Though history states that James was assassinated by brothers and fellow gang members Bob and Charley Ford on April 3, 1882, that was not the last the American people would hear of him. Rumors have persisted that it was not James whom the Fords had shot, but rather another man (some say one Charles Bigelow, claimed by them to have been living with James' wife at the time).

[edit] Dalton's tale

J. Frank Dalton stated in his application for a Confederate veteran's pension that he had been born in Goliad, Texas and had served as a Confederate irregular with William C. Quantrill. But he also liked to claim that he was the famous US Marshall Frank Dalton, who had been killed in a gunfight with many witnesses in 1887. Dalton would later change his story and claim he was the noted outlaw Jesse James.

Beginning in 1949, J. Frank Dalton's story was promoted and encouraged by the proprietors of Meramec Caverns ("Jesse James' Hideout") near Stanton, Missouri. Henry J. Walker later wrote a book supporting Dalton's claims, calling it Jesse James the Outlaw (1961).

No historian has ever taken Dalton's claims seriously, and his knowledge of details the real Jesse would have been aware of was notably lacking. Dalton's claim is often connected to a tale of hidden gold and a plot to revive the Confederacy in the years after the Civil War. Homer Croy, who knew the James family and had interviewed members of Jesse's gang, ridiculed Dalton in his book Jesse James Was My Neighbor.

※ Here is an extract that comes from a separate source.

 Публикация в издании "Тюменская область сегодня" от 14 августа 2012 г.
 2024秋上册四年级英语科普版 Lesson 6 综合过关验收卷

Croy wrote that he once asked Jesse James Jr. if any of his alleged fathers had ever returned to visit them. Jesse Jr., who sometimes played a cowboy in silent films, smiled and replied, "Not a one".

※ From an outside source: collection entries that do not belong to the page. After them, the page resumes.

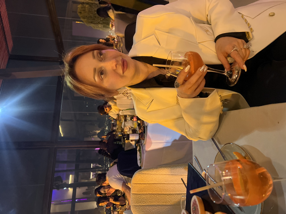 A female individual is seated at a table in an upscale restaurant located in Yerevan, Armenia. The scene is illuminated by interior lighting against a dark night sky that reveals a panoramic view of the city lights. The female, positioned in the foreground, wears a white blazer over a black garment. She holds a stemmed glass containing an orange-colored beverage, a straw, and an orange peel garnish. Rings are visible on her left hand (large dark ring) and right hand (multiple silver-toned rings); her fingernails are painted a light, metallic shade. On the table to her lower left, an identical cocktail glass with a straw and garnish is present, along with two halves of a pink grapefruit. The table surface is light-colored. In the midground, numerous other patrons are visible seated at multiple white-clothed tables, engaged in dining and socializing, with various dishes, bottles, and glasses present. The background features large floor-to-ceiling windows overlooking the illuminated urban landscape of Yerevan. A slatted or trellis-like structure is visible above the windows.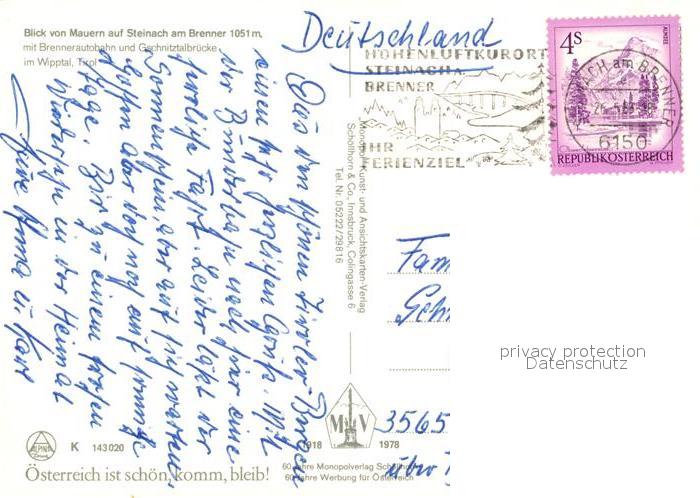 73246965 alte Postkarte Mauern Tirol Steinach Brennerautobahn Goeschnitztalbruecke postalisch gelaufen Erhaltung siehe scans [KathaD81] KatCode: 11390332070355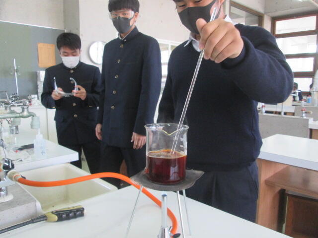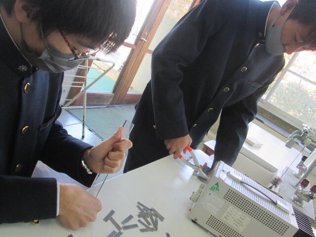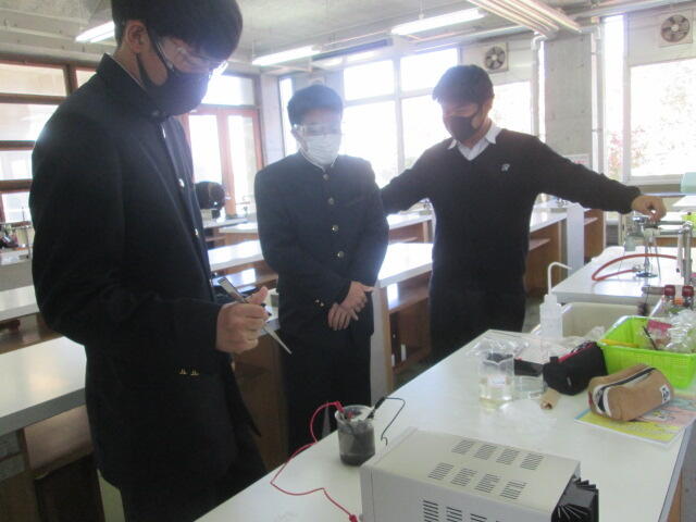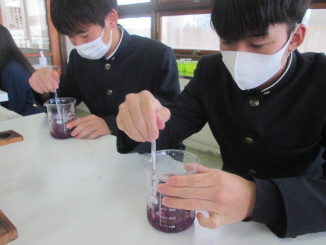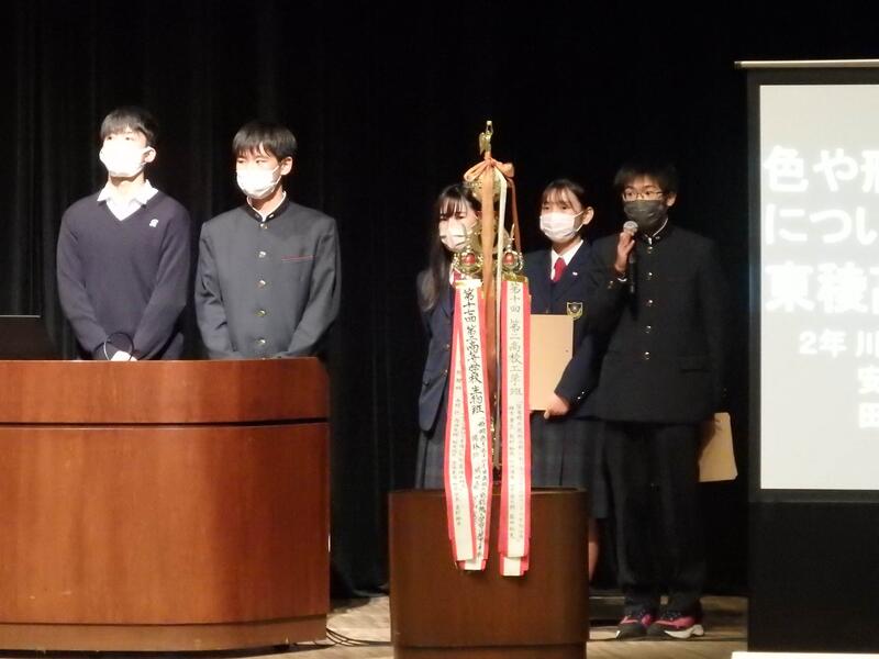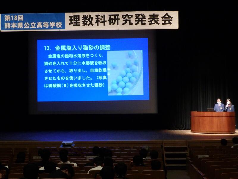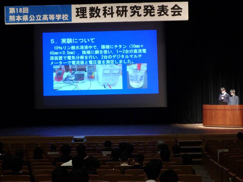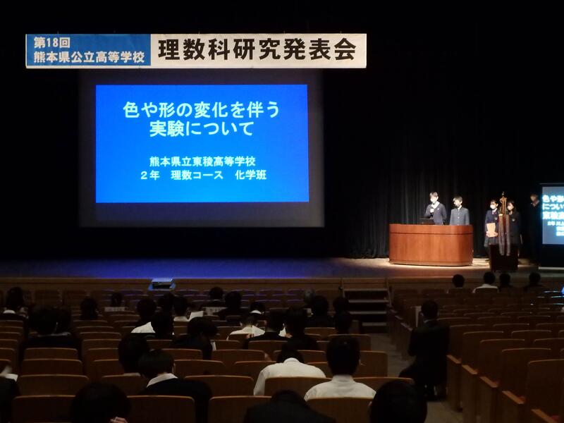 県内の公立高校の理数科の研究発表大会がシアーズホーム夢ホール(熊本市民会館)で行われました。理数コースからは化学班の「色や形の変化に伴う実験について」を発表しました。

In an attempt to put an end to the dispute, the body buried in Missouri as Jesse James was exhumed in 1995 and the subsequent DNA analysis resulted in a 99.7% probability that the remains were indeed those of the famed outlaw. Still unwilling to accept this, Dalton's proponents got a court order in 2000 to exhume and test Dalton's body to solve the mystery "once and for all." Unfortunately, the wrong body was exhumed, and Dalton's remains have yet to be tested.